Naturally, the cross is solved. I'm referring to F2L as the stage of Fridrich method, not the actual first two layers -- a common use of the terminology.
And naturally I am only concerned with y/y'/y2 rotations... I'm trying to apply this stuff to an actual solve... have you seen someone use x rotations to insert some F2L pairs?
The question where you are constrained to only <R,U> is interesting, but seems much harder to answer. And the answer probably does not yield any interesting insights, because people solve slots one by one, and dont really plan ahead to optimize number of rotations... for good reasons too! so never mind.
Thinking about this (and badmephisto's recent video) has changed the way I look at F2L during actual practice.
I used to spot an edge in the middle layer and not really notice whether or not it was flipped--I'd want to set up an easy case with its corner cubie which often required a cube rotation as I was ejecting it. To my dismay I would immediately need another cube rotation in order to execute the easy case. This was frustrating.

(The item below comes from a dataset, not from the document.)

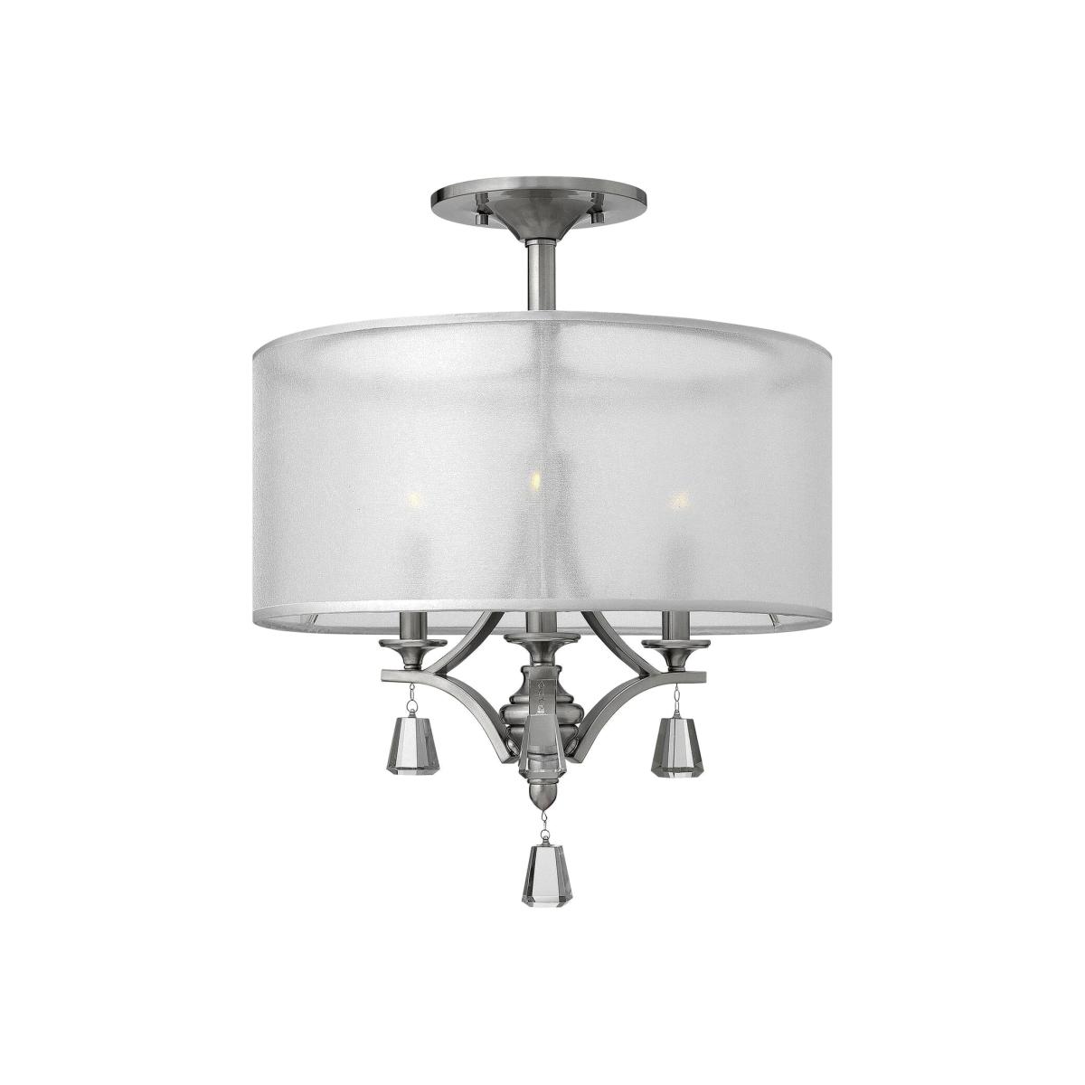 Mime 3 Light Semi Flush Ceiling Light Brushed Nickel, E14 - Brushed Nickel

Now, if I see that it's flipped, I look for a way to pop it out without the rotation, even if its not my "preferred" setup with its corner, and voila! No more double-rotation!
For recognition, I've determined that if the edge's "outer" (not on the U face) stickers cannot match the L or R center pieces it means a cube rotation is required. This isn't too hard to recognize as an edge is either aligned with the red-orange axis or blue-green (for my color scheme).